* _Task item_:
Skip any image you find and restate the rest of the data word for word.

*** Information shown

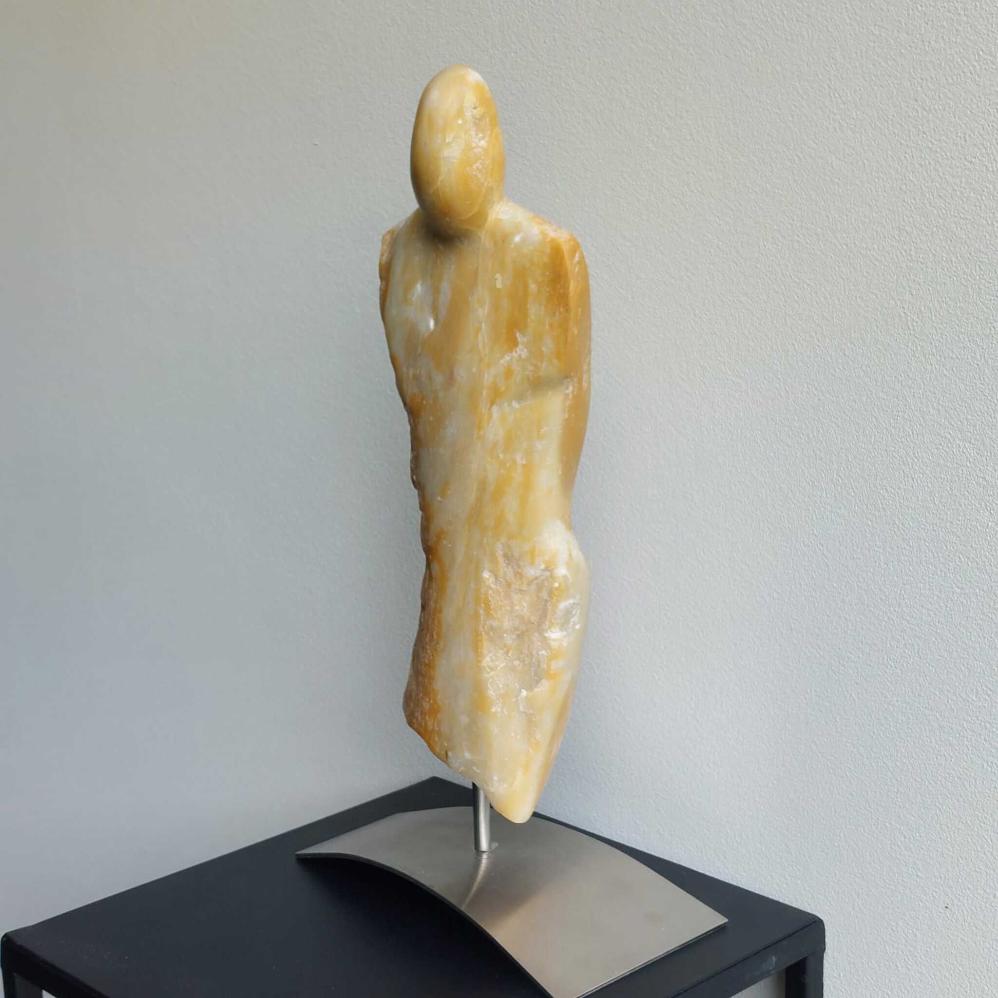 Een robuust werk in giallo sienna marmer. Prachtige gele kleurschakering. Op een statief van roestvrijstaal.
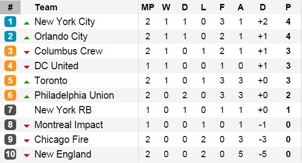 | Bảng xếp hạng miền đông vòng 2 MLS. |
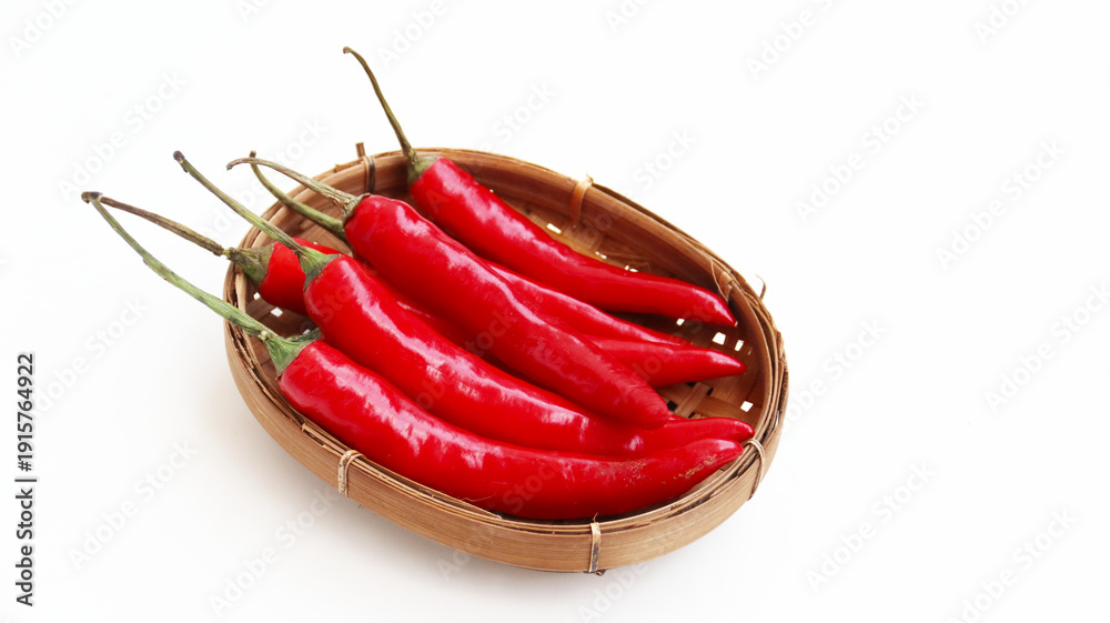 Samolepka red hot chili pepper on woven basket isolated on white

******

* _Result of this task_:
 Een robuust werk in giallo sienna marmer. Prachtige gele kleurschakering. Op een statief van roestvrijstaal.
 | Bảng xếp hạng miền đông vòng 2 MLS. |
 Samolepka red hot chili pepper on woven basket isolated on white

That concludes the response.